As Ana Blaskovic/Poslovni Dnevnik writes on the 5th of October, 218, big cities are currently the main focus of property market players, only then do all others follow, but at the region level, this market has exceptional potential as an indispensable part of Croatia’s economic development. That topic was devled into at Njuškalo’s New Link conference, which was held in Zagreb on Wednesday.

“We’re an open book on which other sectors such as tourism, and ultimately the retirement of people in Croatia, lean on,” said Robert Pokrovac, of Erste. In Dalmatia, which has been recording record tourist seasons, the tourist season’s extension has a direct impact on the property market. Tourism has conquered big cities, the properties are there, but there’s no additional content.

Real estate professionals see the main potential in retirees originally from Northern Europe being attracted to a milder climate. Although Istria’s good practice of old stone house renovation which has delighted foreigners could be mapped throughout Croatia, that region still has room for growth, for example in the construction of things like golf courses.

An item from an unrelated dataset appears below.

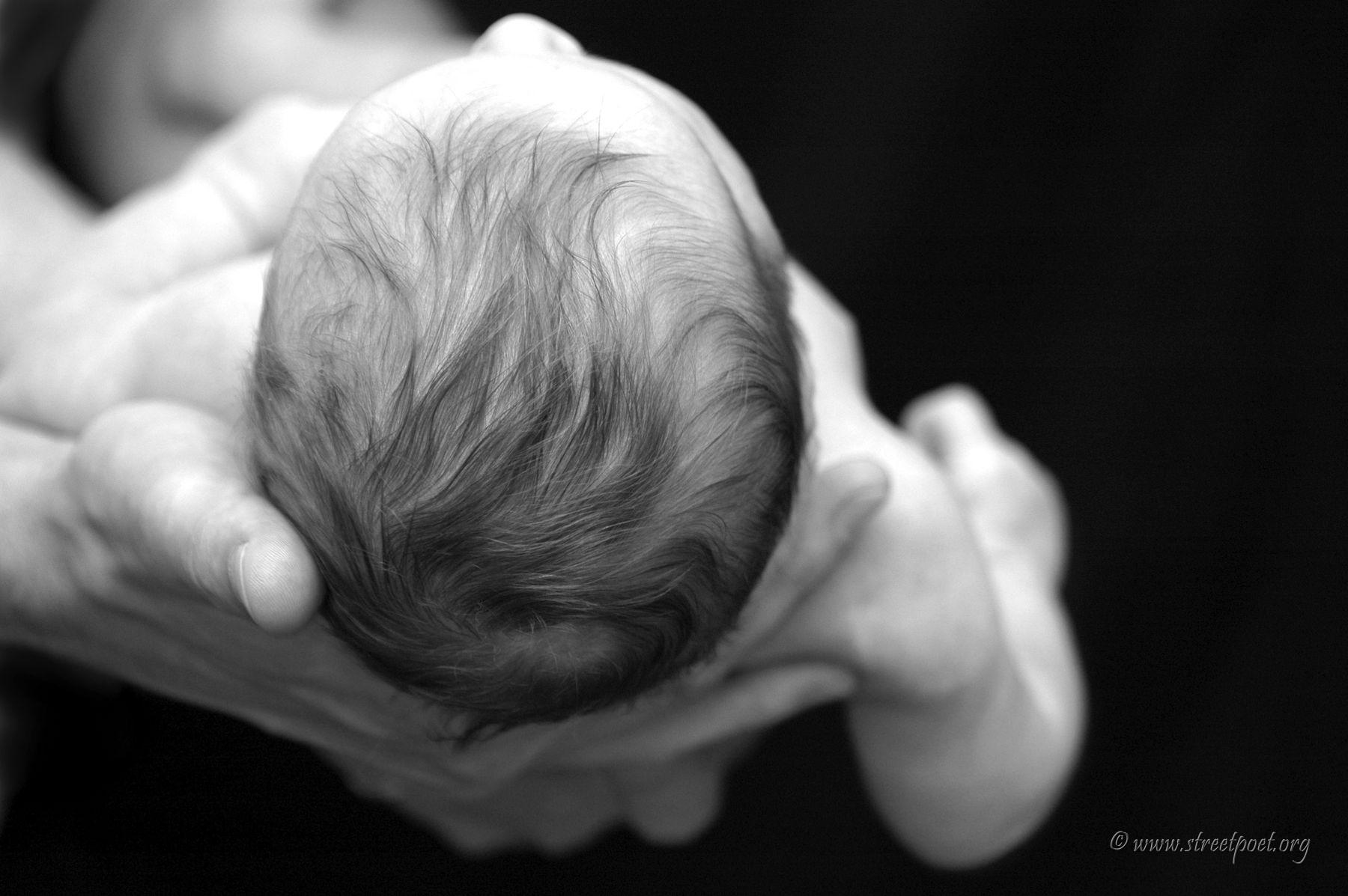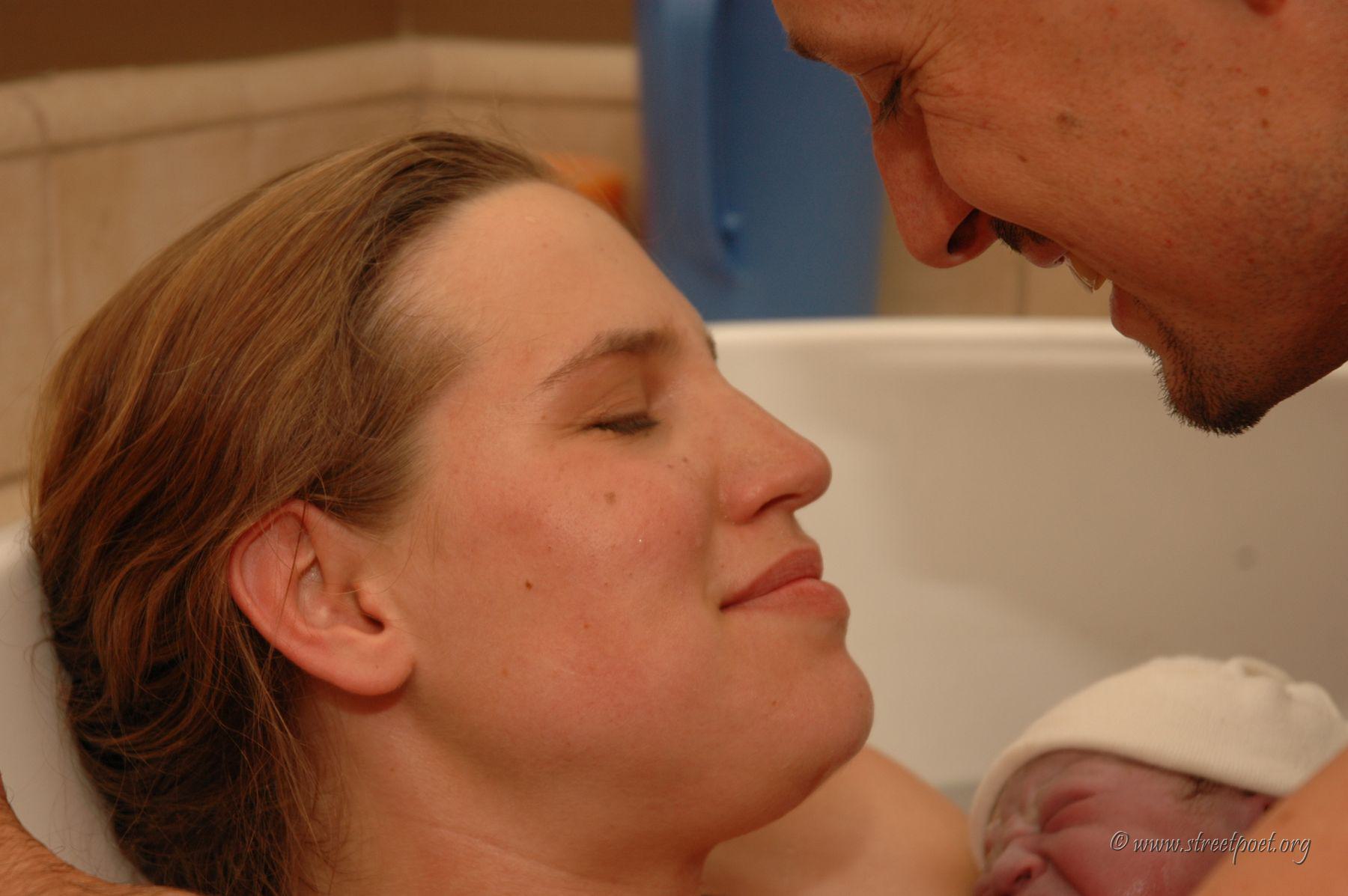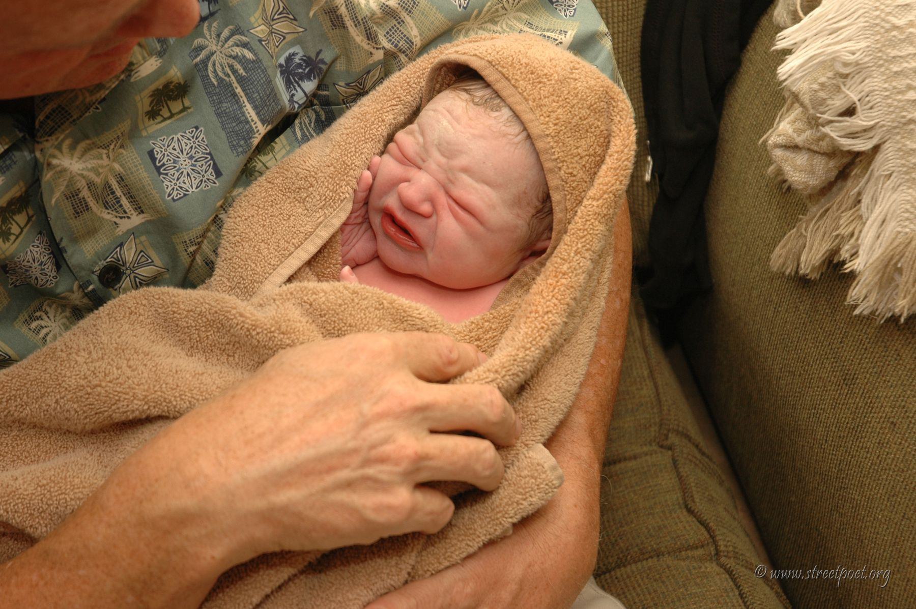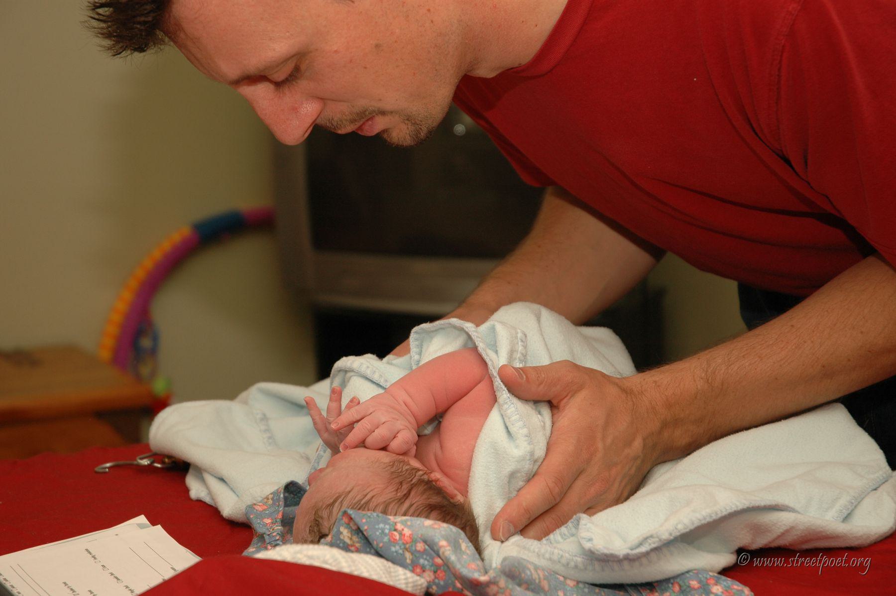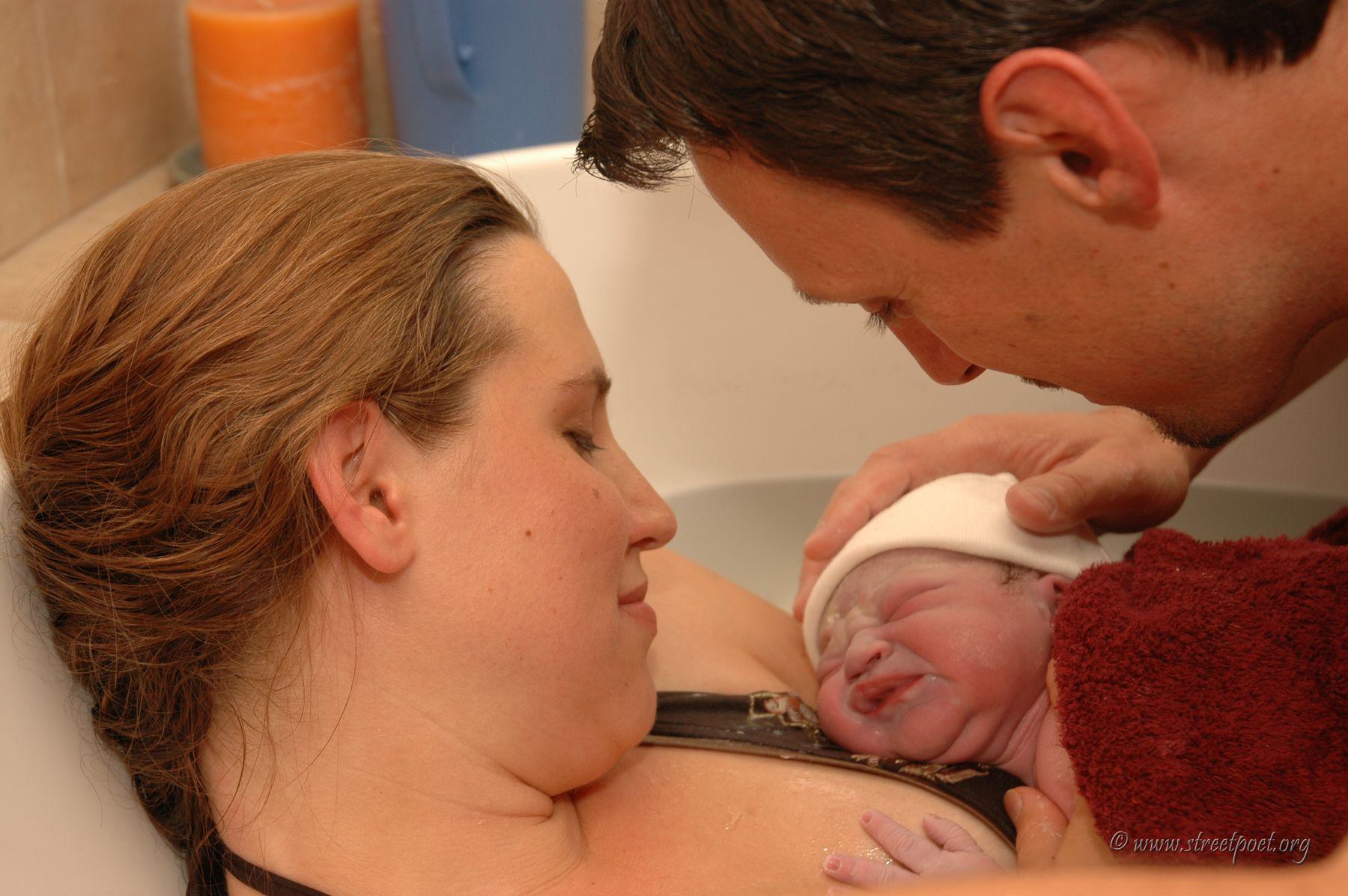Daddy brought him from the water into Mommy's hands.

Lika, on the other hand, has only begun to feel the first signs of ”awakening” thanks to the tourists who are attracted by the natural beauty of its numerous national and other nature parks. Although housing is lacking in larger areas such as in Otočac, there is the lack of a healthy economy for the proper development of a property market, which is why investments in that part of Croatia are necessary.

Perception is much stronger than reality, and this undisputed truth should be used when branding some neighborhoods in cities, said Damjan Geber of the Brigade Agency.

Looking at the jump in prices and the increased demand for apartments and homes in neighbourhoods such as East Harlem ​​or Williamsburg, in New York, which have been transformed from actual ghettos to areas with very high prices in the last twenty years, Geber believes that such smart and consistent planning could also happen in major cities across Croatia.

The design district around Martićeva street in Zagreb is the only attempt at such a thing at this time, and whether Trnje will be branded as an artistic quarter or Trešnjevka as a startup neighbourhood depends on the local community, but also on the understanding of the respective local authorities.

With Zagreb mayor Milan Bandić’s infamous ”fetish” for building fountains coming very much before anything else at all, the City of Zagreb failed to recognise the actual problems faced by the residents of the city’s neighbourhoods such as Trnje. Such similar moves being carried out in reality will depend very much on whether young people decide to stay in Croatia or move to cities that already recognise the need for such moves, such as Kreutzberg in Berlin, or Peckham in London.

Just like the famous slogan from the hit British comedy Only Fools and Horses – “New York, Paris, Peckham” in just one year, the formerly deprived Peckham became a creative hub.